Compared to frameworks like Aider's repository map or Continue.dev's context providers, this approach focuses less on code understanding and more on rule management. It's not trying to help the agent understand your codebase — it's trying to help the agent understand your team's conventions and processes.

Practical Implications for Development Teams

For individual developers, the immediate benefit is reduced frustration with agents that ignore or misapply rules. By scoping rules to specific task types, developers report that agent outputs become more predictable and require fewer correction cycles.
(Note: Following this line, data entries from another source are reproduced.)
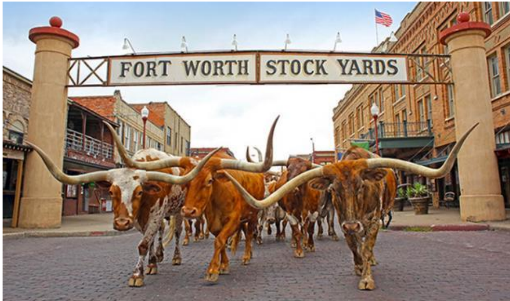
Figure 2: Cattle Drive in the Fort Worth Stockyards ( http://www.fortworthstockyards.org/play/fort-worth-herd-cattle-drive )

Besides of the Stockyards, Fort Worth is a very clean city with a very large amount of bars and restaurants. Apart from Lockheed Martin, a lot of large global companies, such as Bell Helicopters, American Airlines, AT&T and Exxon Mobil are present in the Dallas – Fort Worth area, which consequently has a strong local economy.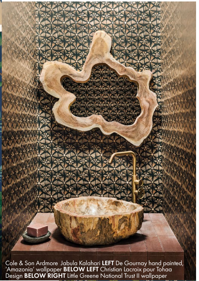
Cole & Son Ardmore Jabula Kalahari LEFT De Gournay hand painted, 'Amazonia' wallpaper BELOW LEFT Christian Lacroix pour Tohaa Design BELOW RIGHT Little Greene National Trust II wallpaper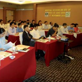
Left: Briefing Session on the use of PEFC ST 2002 2010, 8 November, Bintulu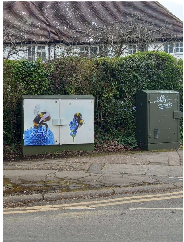
Side residential street – Westanley Ave

This initiative is brought to the attention of members of the committee to see if they wish to consider encouraging a similar activity within the boundaries of the Parish.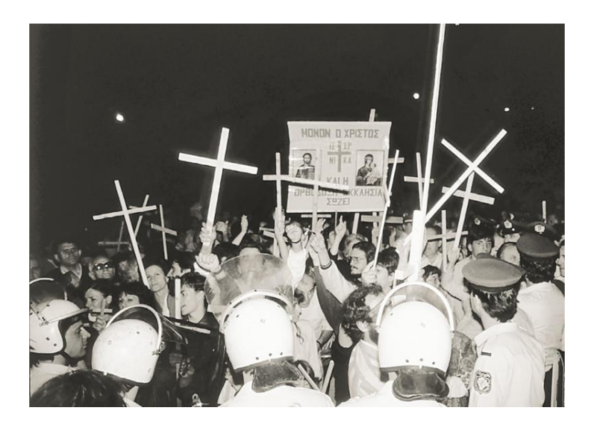
Image 1 Demonstrators protesting projection of the film The Last Temptation of Christ, 1988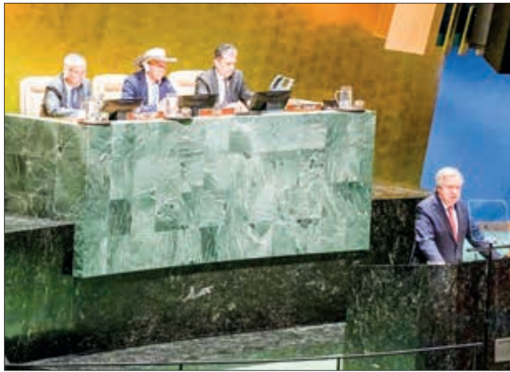
UN Secretary-General Antonio Guterres (at podium) addresses the opening of the 22nd session of the UN Permanent Forum on Indigenous Issues at the UN headquarters in New York on 17 April 2023.

Living on the frontlines of the climate emergency, indigenous peoples have done nothing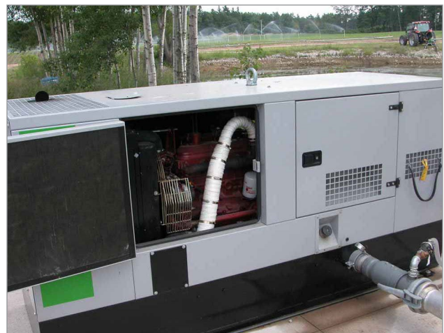
Figure 4. Sound is reduced from internal combustion engines on stationary irrigation pump equipment when it is covered with a special housing designed for that purpose.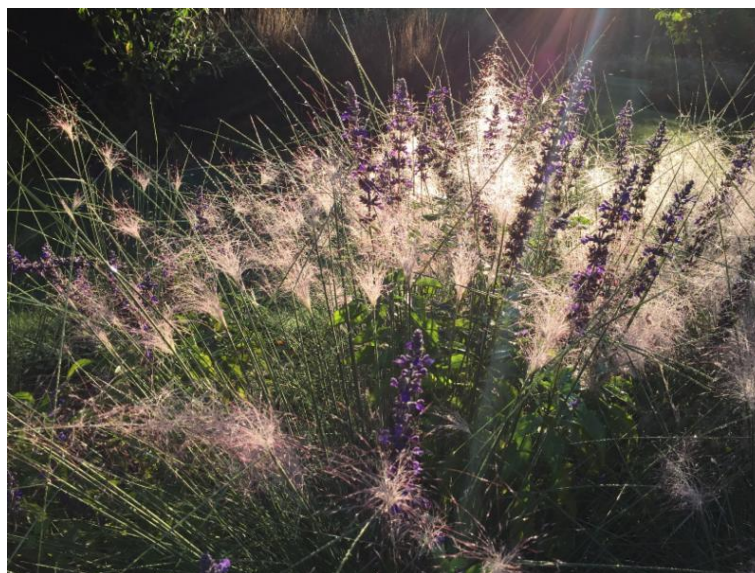
Pink Muhly Grass comes into its own in September with sparkling pink blooms. Here paired with annual salvia

The following plants will hold interest in your garden throughout the late summer..

For teams, the implications run deeper. The experience-logging feature creates an evolving knowledge base that captures tribal knowledge — the kind of 'watch out for this edge case' wisdom that typically lives only in senior developers' heads. New team members (and their AI agents) benefit from accumulated debugging lessons without anyone needing to write formal documentation.

The downstream-priority principle also has significant implications for organizations using standardized development templates. Engineering platform teams can distribute baseline agent rules while allowing individual product teams to override or extend those rules based on their specific needs. This mirrors the configuration inheritance patterns already common in tools like ESLint or Prettier, applied to AI agent behavior.

Looking Ahead: The Future of AI Agent Configuration

This project reflects a broader trend in the AI developer tools space: the shift from 'prompt engineering' to 'agent architecture engineering.' As AI coding assistants become more capable — Claude 4 and GPT-5 are expected later in 2025 — the bottleneck increasingly isn't model intelligence but context management.

Several developments suggest this space will see rapid evolution:

• Anthropic and OpenAI are both investing in agent frameworks that support persistent memory and task decomposition
• Cursor recently introduced more granular rule-scoping features in its latest updates
• The MCP (Model Context Protocol) ecosystem continues expanding, providing standardized ways for agents to access external context
• Open-source projects like this one are filling gaps that commercial tools haven't yet addressed

The skill-based-architecture project is still early-stage and community-driven, but it highlights a real gap in the current tooling landscape. As AI agents handle increasingly complex development tasks, the systems that manage their instructions will need to be just as sophisticated as the agents themselves.

Developers interested in exploring the framework can find the full source code and documentation on GitHub at WoJiSama/skill-based-architecture. The project welcomes contributions and feedback from teams dealing with similar rule-management challenges at scale.